Jadi, analisis seperti di atas
sesungguhnya bernuansa pre-emtif,
karena aksi atau tindakan tersebut menggunakan kombinasi deteksi dan pendekatan
multidimensi dalam melakukan analisisnya. Orang juga sering menyebutnya
analisis kontekstual. Artinya, sekaligus mengaktifkan koordinasi antara
organisasinya dan instansi lain, yang dalam Angkatan Darat terdapat unsur
ipoleksosbud. Maka, yang dimaksud dengan pre-emtif
tentunya bertujuan untuk mencegah terjadinya PH dan AF, dengan cara melakukan
analisis situasi, kemudian membuat prediksi dari gejala awal yang ada.
Dari beberapa hasil wawancara
menunjukkan bahwa dalam melakukan analisis dibutuhkan analisis berdasarkan
konsep dan teori yang relevan untuk membangun prediksi ke depan yang tepat.
Maka, yang dimaksud dengan "tugas pre-emrif mempunyai arti mencegah agar
tidak terjadi PH dan AF. Sementara AF dan FKK diambil dari kegiatan-kegiatan
yang ada di masyarakat."
Upaya menghimpun data merupakan upaya
yang penting, begitu pula dengan analisis dan evaluasi berdasarkan konsep dan
teori yang relevan.
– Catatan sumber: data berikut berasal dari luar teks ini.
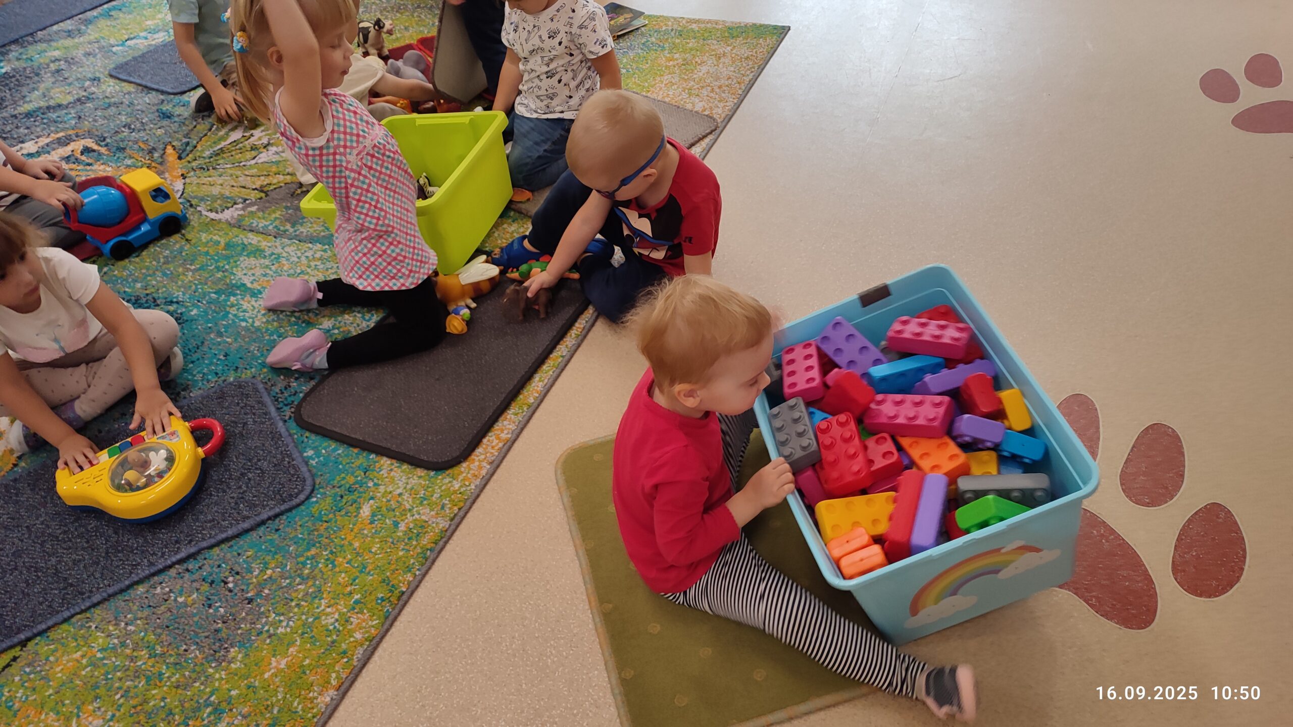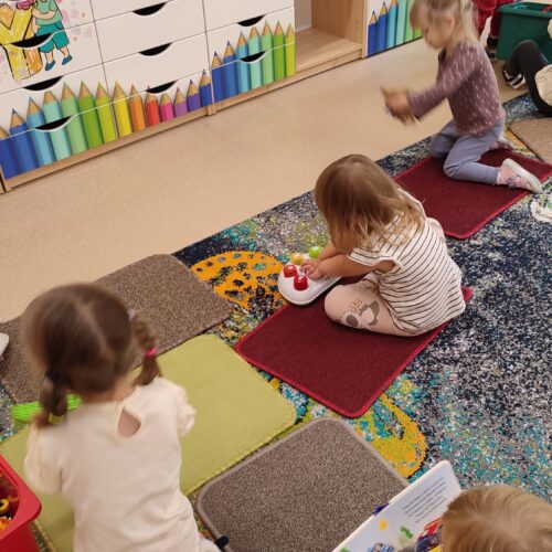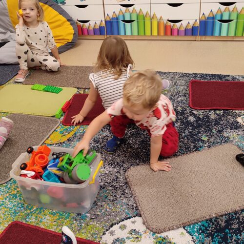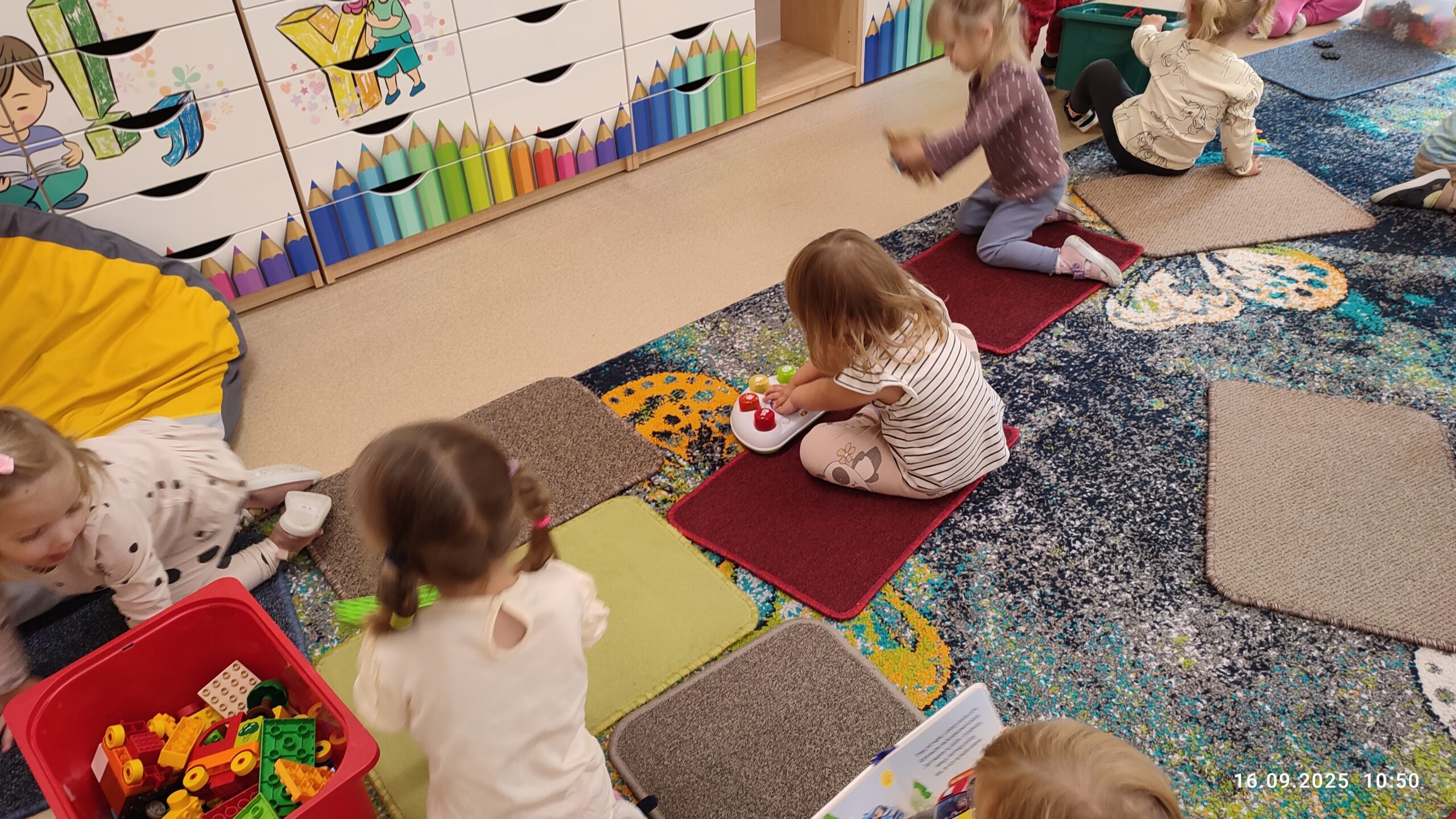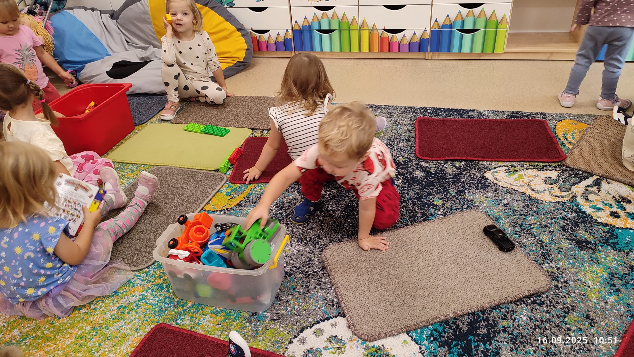 Uczymy się korzystać z dywaników. Na nich budujemy i robimy różne ciekawe rzeczy. A potem łatwo jest posprzątać.

Tujuannya agar mampu membuat forecasting yang tepat.
Berbagai
macam gejala juga berpotensi menjadi ancaman, dan gejala semacam ini juga
menjadi garapan intel. Misalnya, sesuatu "digarap oleh interpol dengan
prioritas untuk mendapatkan FKK yang isinya berupa fenornena atau gejala potensial
yang menjadi gangguan keamanan.” Gejala lain yang dapat diangkat dan dijadikan
contoh adalah Potensi gangguan (PG) atau Faktor Korelatit Kriminogen (FKK)
sebagai aspirasi ekstrem dari calon
pelaku kriminal.
Aktivitas masyarakat sipil yang
serupa dengan aktivitas intelijen juga merupakan contoh gejala yang perlu
diwaspadai berpotensi gangguan. Rapat rahasia (rendezvous) misalnya, merupakan rapat atau pertemuan antara dua
atau lebih anggota untuk suatu operasi. Dalam operasi klandestin (OK), model rapat
semacam ini memiliki tujuan yang serupa, yaitu memberdayakan agen klandestin
(AK). Sementara rendezvous merupakan
cara yang paling sering digunakan oleh Operasi Klandestin (OK) dengan beberapa
tujuan, Tujuan-tujuan tersebut adalah:
1.
Penyampaian
info atau keterangan (lisan, tertulis, dokumen, film, dan lain sebagainya);
2.
Melatih
memberi briefing dan debriefing kepada agen;
3.
Merencanakan
operasi secara sendiri-sendiri atau bersama-sama;
4.
Mengumpulkan
dan mendaftarkan atau menugaskan para agen;
5.
Memecat atau
memberhentikan agen.
Rapat seperti ini yang dilakukan oleh
masyarakat sipil biasa, dapat dikategorikan sebagai PG/FKK. Penyikapannya
dengan menetralisir kegiatan tersebut melalui operasi yang dilakukan petugas
intelijen dengan melakukan penggalangan.
[1]. Susaningtyas Nefo Handayani
Kertopati, 2013, Komunikasi dalam Kinerja Intelijen Keamanan, Penerbit PT.
Gramedia Pustaka Utama, Jakarta, hlm 86.